Wer dieses Buch liest, lernt Aufgabenstruktur, Probleme und Chancen der Kommunalpolitik kennen. Er oder sie versteht, warum die kommunalen Haushaltsdefizite die Perspektiven der Kommunalpolitik massiv einschränken, warum vor allem die Länder gefragt sind, diese Finanzprobleme gemeinsam mit Städten und Gemeinden zu lösen und dass sich die Kommunalpolitik auch selbst an der Konsolidierung beteiligen muss. Wenn sie dies tut, wird Kommunalpolitik auch weiterhin Chancen haben, trotz Globalisierung, Europäisierung, trotz Demografie und Finanzkrisen.
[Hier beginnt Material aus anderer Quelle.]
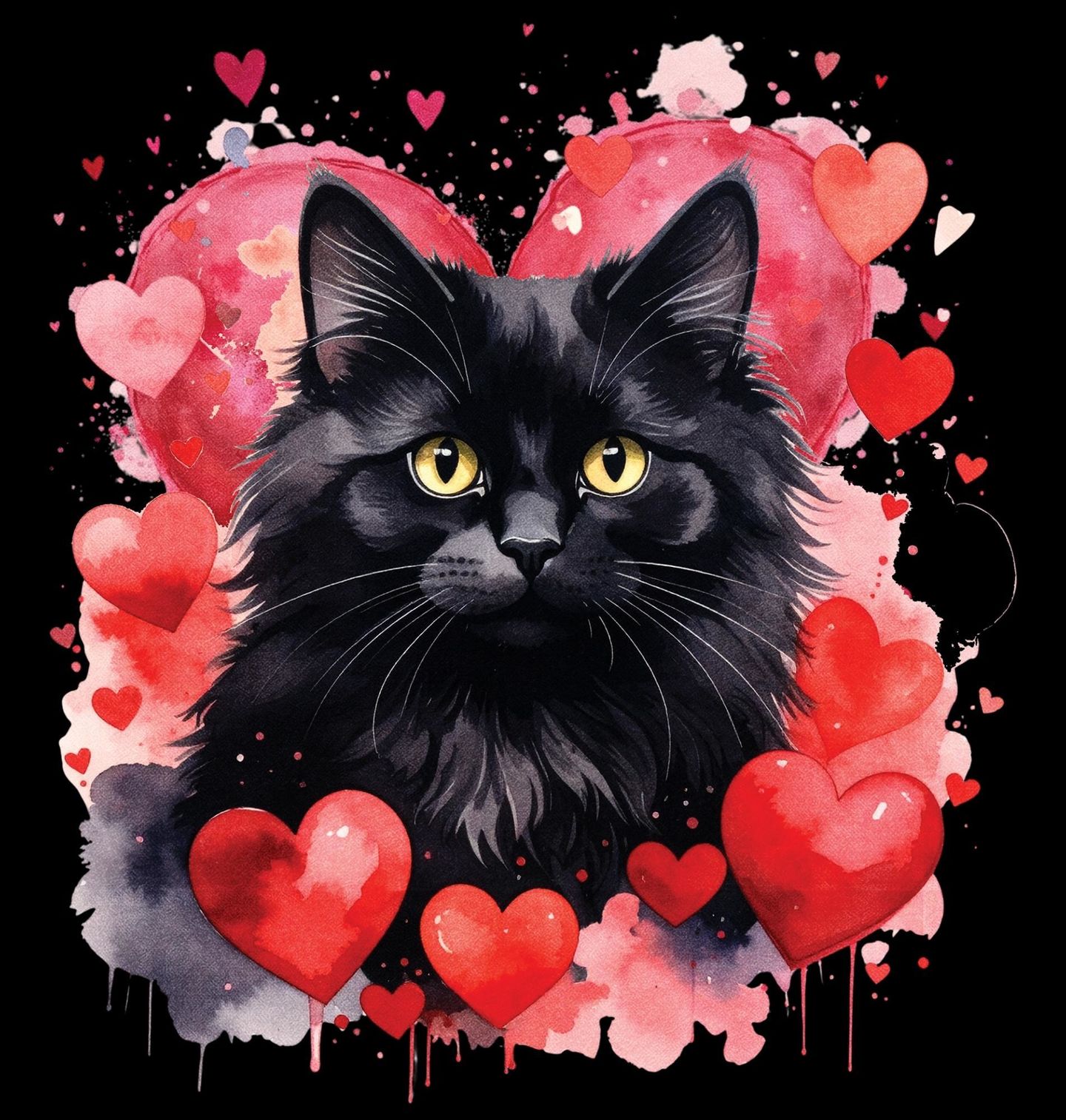 Pánské tričko Černá Dlouhosrstá Kočka mezi Srdci. Tento výrazný akvarelový motiv zachycuje kočka s černou dlouhou srstí, obklopenou srdci, která symbolizují lásku, tajemství a eleganci. Černá kočka je po staletí považována za mystickou a výjimečnou – v tomto provedení působí jemně, hřejivě a romanticky.

Es bleiben nach wie vor viele Handlungsmöglichkeiten, weil die Handelnden den Bürgerinnen und Bürgern nirgendwo so nah sind wie auf kommunaler Ebene. Dort geht es um Daseinsvorsorge und praktische Lebenslagen, um Problembewältigung und Quartiersgestaltung. Wer sich ehrenamtlich betätigen will, findet dafür eine Fülle guter Gründe. Wer als Bürgermeisterin oder Bürgermeister kandidieren will, erfährt, wie man in sechs Wochen den Chefsessel im Rathaus erobert und in acht Jahren wieder verlieren kann. Aufschlussreich ist Elmar Brauns Praxistest Kommunalpolitik in Verbindung mit Hans-Georg Wehlings Erkenntnis, dass gute Bürgermeister viel gestalten und Jahrzehnte Anführer und Friedensstifter sein können. Natürlich kann dieses kleine Buch nur Appetithappen liefern. Kommunalpolitik ist viel zu komplex, um all die großen Themen zur Zukunft der kommunalen Selbstverwaltung in dreizehn mehr oder weniger kurzen Artikeln abzuhandeln. Aber das Buch macht Lust auf mehr. Und wer schon aktiv ist, kann viel darüber lernen, wie man als Lokalpolitiker Fehler vermeidet, um möglichst lange Freude an seinem Engagement zu behalten. Damit auch die Bürgerinnen und Bürger Freude daran haben.